Вскоре у юной сосновой рощицы стали, как дятлы, постукивать топоры. От бревен летела кремовая щепка. Вырастал аккуратный сруб. Курчавкин носился, как молодой, по всему колхозу. А бабка Анфуса — делалась с каждым днем все сварливее и мрачнее.

То ли назло старику и всему колхозу, то ли от диковатого одиночества, в котором она теперь оказалась, старуха начала особенно ревностно соблюдать церковные службы. Одетая в черное, высокая и худая, с сердито насупленными седыми бровями, она раза два в неделю чуть свет уходила в районный центр — полями да перелесками вдоль Песчанки четырнадцать километров — к заутрене и обедне. Домой приносила две-три просвирки, разламывала их на маленькие кусочки и насильно совала в рот сельским мальчишкам «святое христово тело». Две из бабок-сверстниц, увлеченные ее мрачной одержимостью, стали даже поговаривать о том, что вот-де появилась, как видно, и у них подвижница, решившая возродить заброшенное божье дело, поскольку в Песчаном церковь давно закрыта и развалилась.

— Чисто вороны, когда почуют какую падаль! — сердито покрикивал Курчавкин, ссорясь с Анфусой. — Чего ты людей мутишь? Чего поповское тесто мальчонкам во рты пихаешь? Ответь!..

Старуха молчала.

— Ага! — горячился дед. — Выходит, нечего и ответить? А все потому, что религия есть дурман. В кого тот дурман войдет, тот станет и сам дурманным. Да-а, видно, сидит он в тебе, сидит Христодулин маменькин ген.

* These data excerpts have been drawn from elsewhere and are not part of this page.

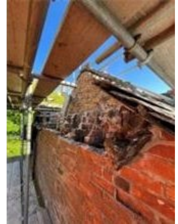
Major internal works have been completed

On the ground floor, damp proofing has been successfully completed, and preparatory work is underway to create new structural openings in line with the approved architectural plans. Steel beams are expected on site shortly to facilitate further internal modifications, and final design work is ongoing for the floor slab and access to the building's original safe room.
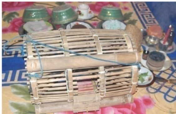
Figure 2. Pakkaja

humans and nature (Thompson, Lantz, & Ban, 2020). The pakkaja and balla-balla fishing gears are illustrated in Figures 2 and 3.
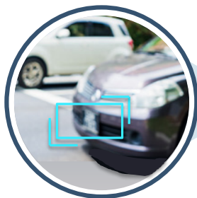
Vehicle License Plate Recognition System

Однажды старуха уговорила жену Авдея и взялась присмотреть за ее годовалой дочкой. Хорошо отоспавшийся в эту ночь Авдей во время завтрака добродушно спросил жену:

— Чтой-то я Настеньку не вижу. Спит еще, что ли?..

Когда он узнал, что «досмотреть» за дочкой ни с того, ни с сего напросилась шальная старуха, выругался, и не закончив завтрак, выбежал вон из избы.

Старухи дома не оказалось. Не оказалось ее и на улице. Встретившийся у «потребилки» Тимоха, посмеиваясь, сказал, что видел бабку, когда она шла с Настенькой за околицу к районному тракту.

— Похоже, направилась по знакомой дорожке в церкву. Возьмет да и окрестит твою Настьку, — добавил он, засмеявшись. — Ей это раз чихнуть…

Авдей догнал старуху на мотоцикле километрах в пяти от села и едва не побил ее.

— В суд на тебя подам! — кричал он, одновременно успокаивая напуганную ссорой девочку и налаживая мотоцикл для обратной дороги. — Ты что же это задумала? У коммуниста дочь окрестить? Да я… да что же это, скажи на милость?!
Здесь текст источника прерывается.